Signorelli Jessie, Shah Gandhi Arpita
1 Nebraska Medical Center, Omaha, NE, USA.
2 Augusta University Medical Center, Augusta, GA, USA.
Ann Pharmacother. 2017 Feb;51(2):146-153. doi: 10.1177/1060028016672037. Epub 2016 Oct 4.
To review and summarize data on cobimetinib, which was approved by the US Food and Drug Administration (FDA) in November 2015 for use in combination with vemurafenib for unresectable or metastatic melanoma with a BRAFV600E or V600K mutation.
A literature search using PubMed was conducted using the terms cobimetinib, MEK inhibitor, and melanoma from January 2000 to June 2016.
The literature search was confined to human studies published in English.

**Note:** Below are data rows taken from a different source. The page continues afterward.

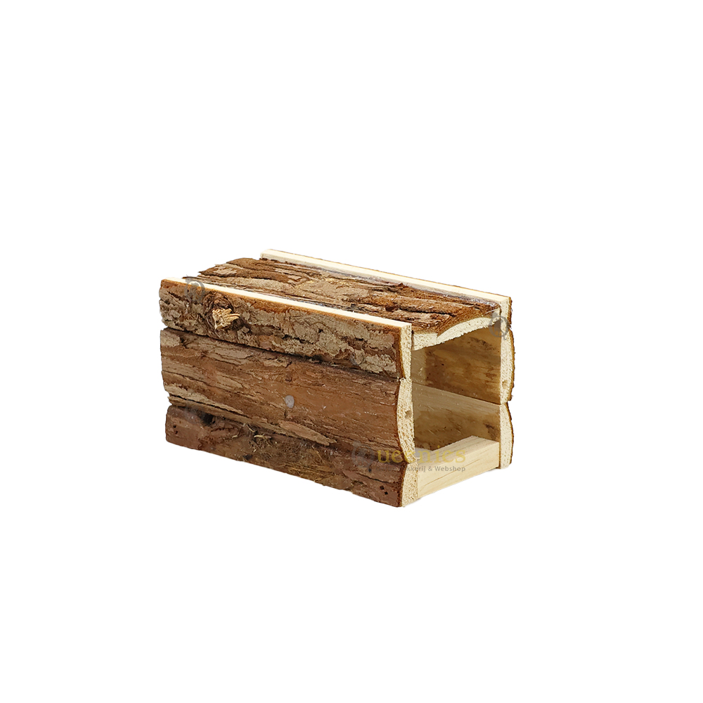 De grove structuur van schorshout geeft deze tunnel een authentieke uitstraling die mooi combineert met andere natuurlijke accessoires. Waar ronde tunnels soms wegrollen, blijft dit model stabiel staan. Dat maakt het zowel praktisch als decoratief binnen hamsterscapes of gerbilverblijven.
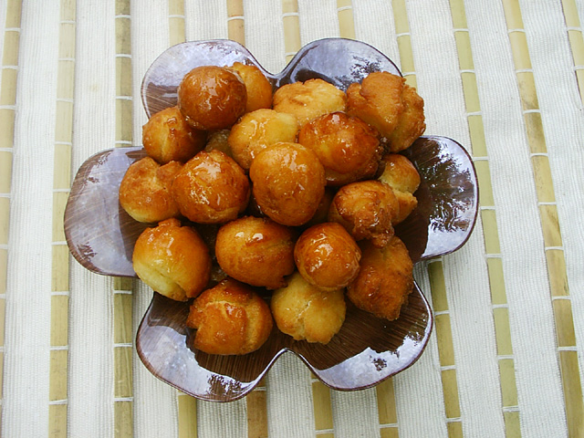 Notes There are dozens of recipes for stuffoli, some add lemon zest, others orange zest; some avoid sugar in the batter, others have plenty of it. This is my take on the recipe; if anything, it's simple to do. Those who don't like the taste of honey (I'm not that fond of it myself) can omit coating the stuffoli with honey, and simply dust them with confectioner's sugar. Of course, if you do that, then the fried cookie balls will look more like "castagnole" than "struffoli." One can always coat one half of the dough balls with honey, and the other half with dusting sugar, and get the best of both worlds. Apparently, chopped nuts are often served alongside the "struffoli.".... Photo: Mary Melfi. |
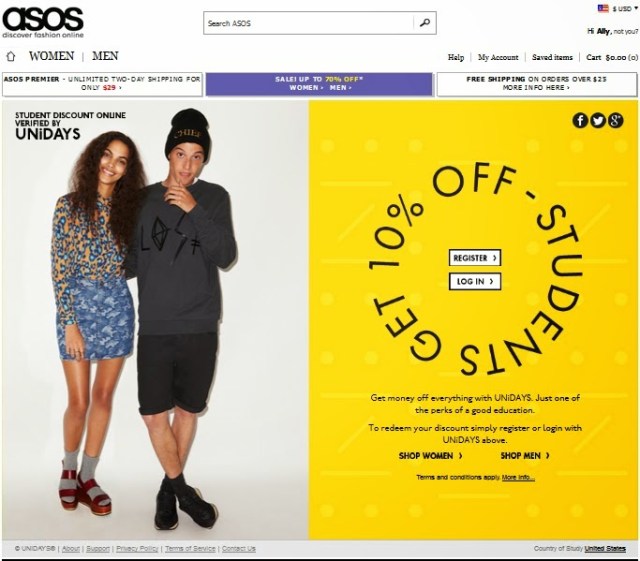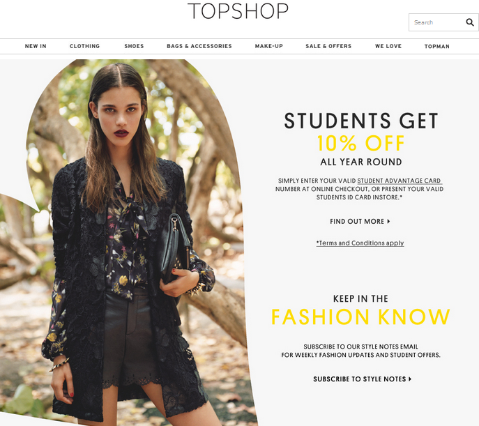 In about seven short weeks I will be making the transition from living at home to becoming a full-time college student. Aside from the immense amount of excitement that brings me, it also brings me tremendous amounts of anxiety. The number one cause for concern in my case is in regard to my wardrobe. I have more clothes than I need, and I also continue buying clothes at an exponential rate. I am clearly a shopaholic, but I don’t necessarily see that as a bad thing, at least not all the time. One of my biggest concerns is how I will keep up with my shopping habits while I am at school studying. I will have to rely on money I have saved for at least the first semester, since I don’t plan on looking for a job until second semester. Unfortunately, the money I have saved doesn’t all get to go towards building my closet, it also has to apply towards food, excursions, and other things here and there. With this daunting issue, I have decided to compile a list of places that offer discounts to college students – and sometimes even high school students! Most of these offers require a student ID card or your university affiliated student email address. Even though some of these discounts may not seem like much, remember that pennies saved can add up to larger amounts in the long run depending on your spending habits. Of course it is good to try and cut back and set up a budget, but this list is meant to give you that extra discount when you just can’t resist the cute shirt from ASOS. There are many lists like this out there on the internet that you can find, but here are some of my suggestions:

Trials of cobimetinib for melanoma were prioritized.
Cobimetinib is a reversible inhibitor of MEK1 and MEK2. Its FDA approval was based on a phase III, randomized trial of vemurafenib monotherapy (n = 248) or vemurafenib and cobimetinib (n = 247) in unresectable stage IIIC or IV melanoma with a BRAFV600 mutation. Cobimetinib was administered as 60 mg orally daily for 21 days/7 days off, whereas vemurafenib was administered as 960 mg twice daily. Vemurafenib and cobimetinib were associated with an objective response rate of 68%, and median progression-free survival of 9.9 months. The overall survival was not reached at the time of first interim analysis. Clinically relevant grade ≥3 adverse events were diarrhea (6%), rash (6%), photosensitivity (2%), elevated liver function tests (LFTs) (8%-12%), increased creatine kinase (11%), and retinal detachment (3%).
Cobimetinib combined with vemurafenib is an alternative BRAF/MEK inhibitor therapy for unresectable or metastatic melanoma with BRAFV600 mutation. The role of cobimetinib in melanoma and other solid tumors is likely to expand as the results from ongoing studies become available.
回顾并总结考比替尼的数据,该药物于2015年11月获美国食品药品监督管理局(FDA)批准,与维莫非尼联合用于治疗具有BRAFV600E或V600K突变的不可切除或转移性黑色素瘤。
使用PubMed进行文献检索,检索词为考比替尼、MEK抑制剂和黑色素瘤,检索时间范围为2000年1月至2016年6月。
文献检索限于以英文发表的人体研究。优先纳入考比替尼治疗黑色素瘤的试验。
考比替尼是MEK1和MEK2的可逆抑制剂。其FDA批准基于一项III期随机试验,该试验比较了维莫非尼单药治疗(n = 248)或维莫非尼与考比替尼联合治疗(n = 247)不可切除的IIIC期或IV期BRAFV600突变黑色素瘤。考比替尼口服给药,剂量为60 mg,每日一次,服用21天,停药7天,而维莫非尼给药剂量为960 mg,每日两次。维莫非尼与考比替尼联合治疗的客观缓解率为68%,无进展生存期的中位数为9.9个月。首次中期分析时总生存期尚未达到。临床相关的≥3级不良事件包括腹泻(6%)、皮疹(6%)、光敏反应(2%)、肝功能检查(LFTs)升高(8% - 12%)、肌酸激酶升高(11%)和视网膜脱离(3%)。
考比替尼联合维莫非尼是治疗具有BRAFV600突变的不可切除或转移性黑色素瘤的一种BRAF/MEK抑制剂替代疗法。随着正在进行的研究结果公布,考比替尼在黑色素瘤和其他实体瘤中的作用可能会扩大。